Tuesday, September 19, 2006

A Temporary Introduction

The Magistrates Should Be Elected by the People, a 1798 essay by Hegel in which he writes:

Peaceful satisfaction with the present, hopelessness, and patient acceptance of an all-too-vast and omnipotent fate have given way to hope, expectation, and courage to face the new. A vision of better, juster times has come to life in the souls of men, and a longing and yearning for a purer and freer destiny has moved all hearts and alienated them from the present reality."

Hegel
And yet he delineates between "everyone who, in the midst of change or in preserving the old, seeks only his own limited advantage or the advantage of his class" and "men of nobler aspirations and purer zeal", recognizing the inextricable implication of the former in the political order of the present and locating the possibility for change within the disaffection of the latter, those already ideologically dislocated from the present.

The importance of this distinction becomes evident in Hegel's existential diagnosis of conservativism: "If a change has to happen, then something has to be changed.

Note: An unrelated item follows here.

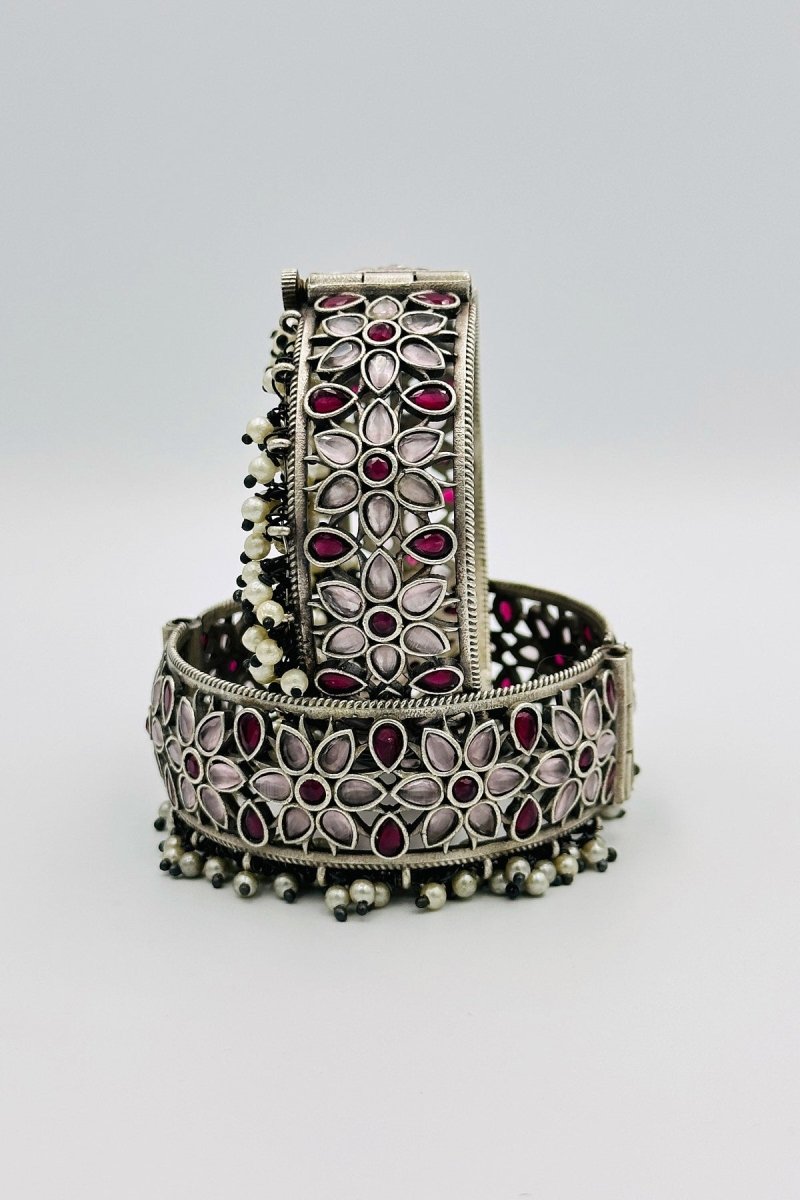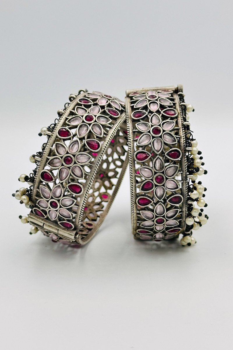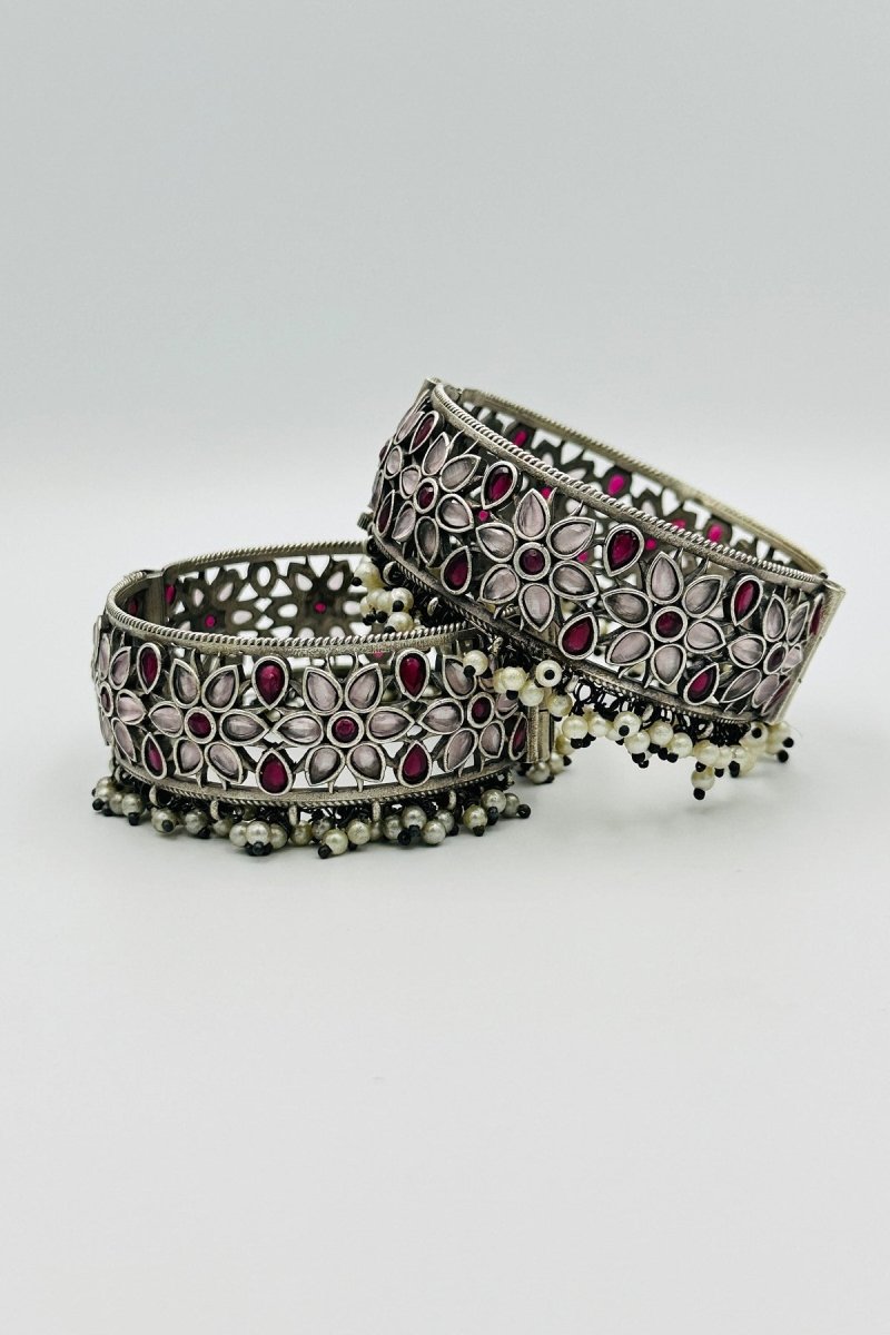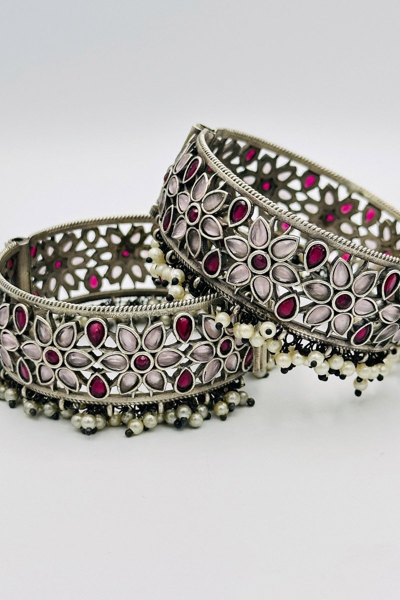 Elegance blooms with our sterling silver bangles, meticulously crafted in a breathtaking floral design. Each bangle is adorned with exquisite deep pink and blush pink stones, complemented by lustrous pearls that add a touch of sophistication. Perfect for those who cherish timeless beauty and artisanal craftsmanship, these bangles are a testament to the harmony of nature and fine jewelry.

So banal a truth needs to be stated, given the difference between fear which must and courage which will; for whereas those who are driven by fear may well feel and admit that change is necessary, they nevertheless display the weakness, as soon as a start has to be made, of trying to hold on to everything they possess."

Conservativism then as a tension between public and private imaginations, a tension between a recognizance of what change society must undergo and a failure to reimagine the self within this new future. To extrapolate, liberalism becomes the locus of Hegelian courage, the point at which public and private imaginations become synchronized and coherent, perhaps even interchangeable.

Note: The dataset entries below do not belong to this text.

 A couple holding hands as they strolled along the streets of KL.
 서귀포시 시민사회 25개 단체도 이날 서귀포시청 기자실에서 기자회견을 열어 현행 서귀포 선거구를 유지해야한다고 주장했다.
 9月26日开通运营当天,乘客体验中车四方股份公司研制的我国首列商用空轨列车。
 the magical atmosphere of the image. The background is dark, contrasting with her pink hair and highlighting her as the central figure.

It is this project of liberalism, more than two centuries later, that I hope this blog can address, with all the apocalyptic urgency of Hegel's own essay. ("The feeling that the political edifice as it still exists today cannot be sustained is universal and profound. The anxiety that it may collapse and injure everyone in its fall is also universal.")

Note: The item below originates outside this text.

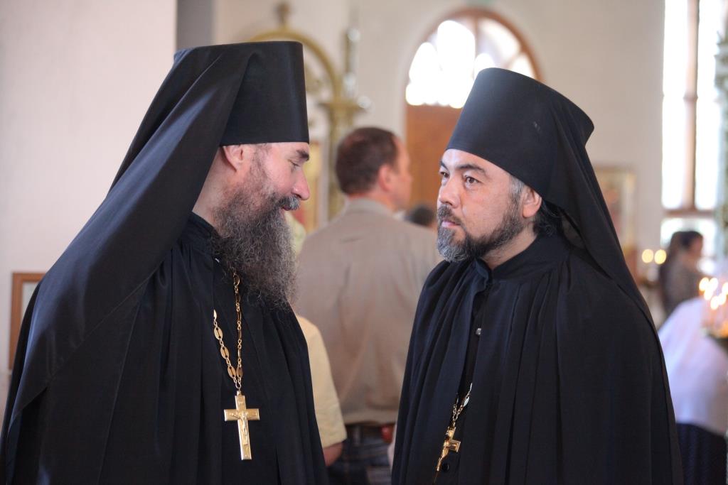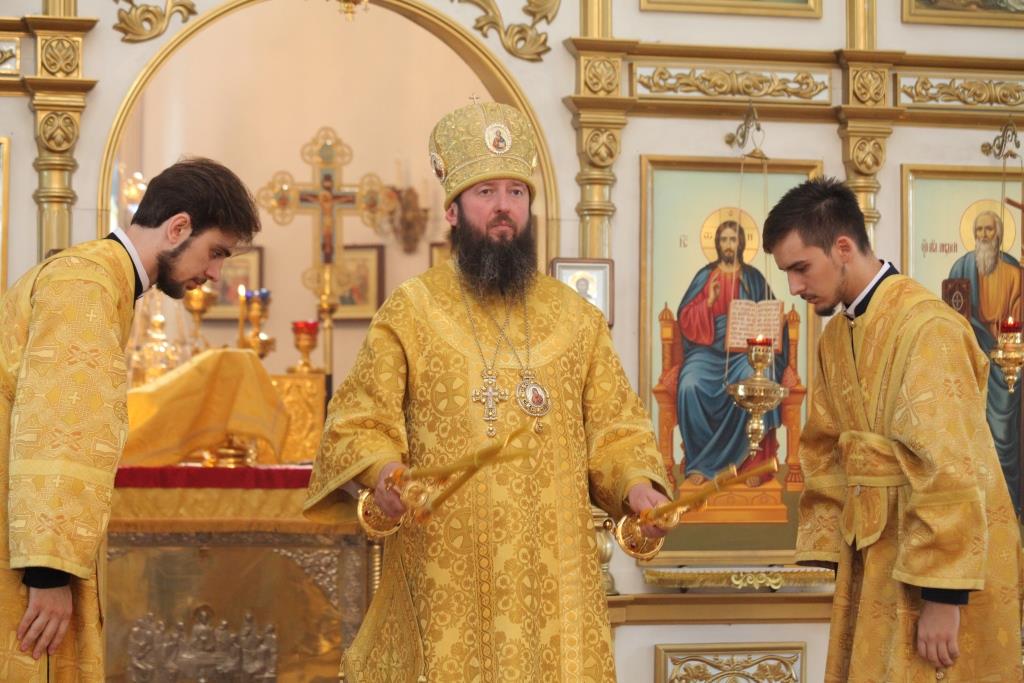 Владыке епископу сослужили: духовник епархии архимандрит Спиридон (Теплухин), ключарь кафедрального собора иеромонах Никодим (Авдеев), клирик собора иерей Алексий Клепиков, заведующий канцелярией епархии иерей Константин Дьяков, клирик Знаменско-Абалацкого женского монастыря города Семипалатинска иеромонах Мануил (Чабанов), протодиаконы Георгий Засыпкин и Андрей Дудник, иеродиакон Мефодий (Шевчук), иеродиакон Тимофей (Хитрич).

This blog is, in some way, an effort in imagination itself, an attempt to invent the discursive practices, the languages and the ethical infrastructures that will allow liberalism to accumulate cultural significance. This includes philosophical discussions, musings on culture, analysis of the political melee, but especially conversations that attempt to synthesize these diverse elements of our community's collective imagination into something of a coherent, though constantly and necessarily shifting, nexus of thought.

In particular, I hope we can begin to bridge the gap between private and public belief, between theory and praxis, and move beyond the various aporias and sites of apathy that have plagued young academics since that imaginary moment in which meaning dissolved and we were forcibly entered into the post-industrial, post-modern, apathetic world.

More to come later, but hopefully this offers a meaningful introduction to the project at hand.

3 comments:

MonkeyShine said...

Here's hoping. I don't know if a treatment on Sorkin is going to help much though, but I like what you said about private belief and public policy. A forum that encourages expression and intelligence even (gasp) post-college might at least discourage a pervasive cultural love of ignorance, might turn the tide of dumb-chic (I even think that TV's recent upswing could help).

Anonymous said...

Fabulous idea for a blog.

Incidentally, I disagree with Ben. I think the current trend is a thing far more obnoxious than dumb-chic: pseudo-intellectualism; it's the accessorization of the self with just enough facts and quirks to synthesize an image that is like the evil stepsibling of mid-90s hipster kitschiness...

I seem to have done a fantastic job imitating it in my response, here... heh.

MonkeyShine said...

Very well, and I agree that your 'pseudo-intellectualism' is far worse a beast than dumb-chic. But now I'm terrified that I'm committing the greater sin, and I think that we should all remember that such a trap exists.